Researchers say trial of 4-day workweeks shows positive results
Cambridge, England — Lower levels of work-related stress, as well as fewer sick days. Greater worker retention. And no drop-off in revenue for employers. These are some of the results of a recent trial of four-day workweeks at more than 60 organizations.
An international team of researchers recruited 61 organizations with a combined 2,900 employees for what’s being considered the largest four-day workweek trial conducted in the world.
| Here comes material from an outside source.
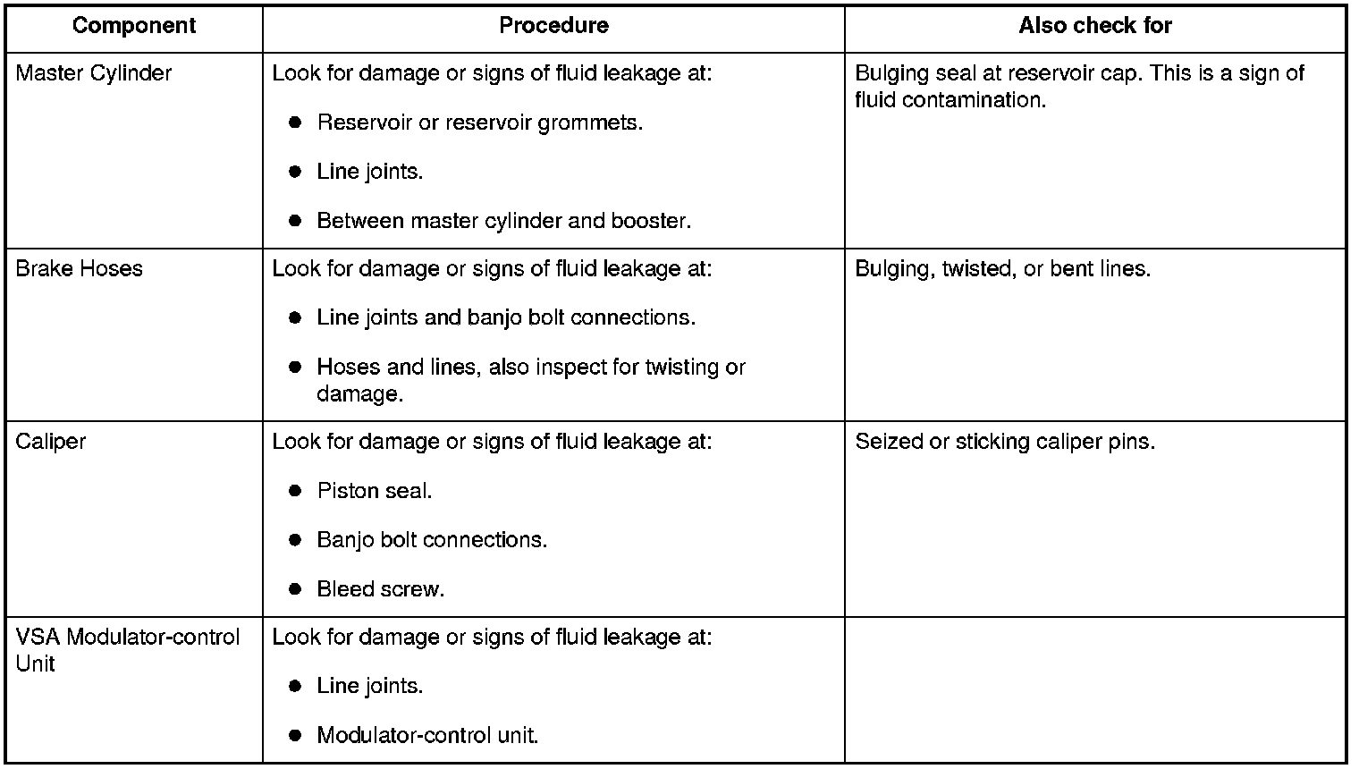 Inspect the brake system components listed. Repair or replace any parts that are leaking or damaged.

The seven-month experiment concluded in December.
“Companies, which included a range of organizations from diverse sectors and sizes, were not required to rigidly deploy one particular type of working time reduction or four-day week, so long as pay was maintained at 100% and employees had a ‘meaningful’ reduction in work time,” the researchers write.
Of the participating organizations, 56 continued with four-day workweeks after the trial. Of them, 18 instituted the change permanently.
- 71% of the employees reported less burnout and 39% felt less stressed.
- 62% said they had a better work-life balance.
- 60% said it was easier to balance work with “care responsibilities.”
- Sick/personal days taken decreased 65%.
- The number of employees who left the organizations dropped 57% during the trial period.
The employees often used the extra time off work for “life admin,” doing errands and chores around the house, for example. That left more time for leisure activities over the weekend.
“It was common for employees to describe a significant reduction in stress,” researcher Niamh Bridson Hubbard, a doctoral candidate at Cambridge, said in a press release. “Many described being able to switch off or breathe more easily at home.”
Some of the participating organizations used techniques to maintain employee productivity during the shorter workweek. Among them: shorter meetings with clearer agendas, the introduction of interruption-free “focus periods,” and “reforming email etiquette to reduce long chains and inbox churn.”
Of the 23 participating organizations that reported revenue data after the trial, they showed, on average, a marginal increase of 1.4%.
“We feel really encouraged by the results, which showed the many ways companies were turning the four-day week from a dream into realistic policy, with multiple benefits,” said David Frayne, a research associate at Cambridge.